Find most common sequences of words (sentences) in a 10,000-word body?

Question

Find most common sequences of words (sentences) in a 10,000-word body?

lazharichir opened this issue 9 years ago · 1 comments

Hello,

Just wondering if you could help. I am working on a project where I need to go through a website's articles and figure out for each article (2,000 to 10,000 words for each article) what are the most common phrases.

That way, I can improve the internal linking of this website.

Would this be something achievable using php-text-analysis?

Thank you,

L

Answer 1 · 2016-04-27T15:05:07.000Z

Yes, you can do this with php-text-analysis. Here is how I would approach the problem.

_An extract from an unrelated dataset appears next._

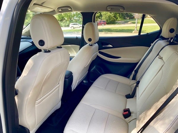 The interior of the Encore GX is well done with minimal stitching and a mix of soft-touch materials and plastic. Back seat head and leg room are good, and back occupants get USB ports and a power outlet, but no rear air vents, which is a problem.
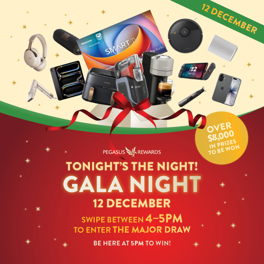 Between 4pm–5pm, members can swipe their Pegasus Rewards card at the kiosk to receive one Gala Night entry.

// pick your own stop words file
$stopwords = array_map('trim', file(VENDOR_DIR.'yooper/stop-words/data/stop-words_english_1_en.txt'));

$tokenizer = new GeneralTokenizer(" \n\t\r");
// all punctuation must be moved 1 over. Fixes issues with sentences

$spacePuncFilter = new SpacePunctuationFilter();

// I am assuming you have loaded your raw text(s), with no markup, into the array of $texts
$rakeResults = [];
foreach($texts as $text)
{   
    $tokens = $tokenizer->tokenize($spacePuncFilter->transform($text));
    $tokensDoc = new TokensDocument($tokens);
    $tokensDoc->applyTransformation(new LowerCaseFilter())
        ->applyTransformation(new StopWordsFilter($stopwords), false)
        ->applyTransformation(new PunctuationFilter(), false)
        ->applyTransformation(new CharFilter(), false);
    $rake = new Rake($tokensDoc, 3); // the 3 is for the size of the ngram, ie generate phrases of length 3
    $rakeResults[] = $rake->getKeywordScores();
}

// with $rakeResults you can extract out common keyword phrases from a single article and then look in other articles for that phrase.

// $commonPhrases will have the common phrases from the 1st and 2nd articles
$commonPhrases = array_intersect(array_keys($rakeResults[0]), array_keys($rakeResults[1]));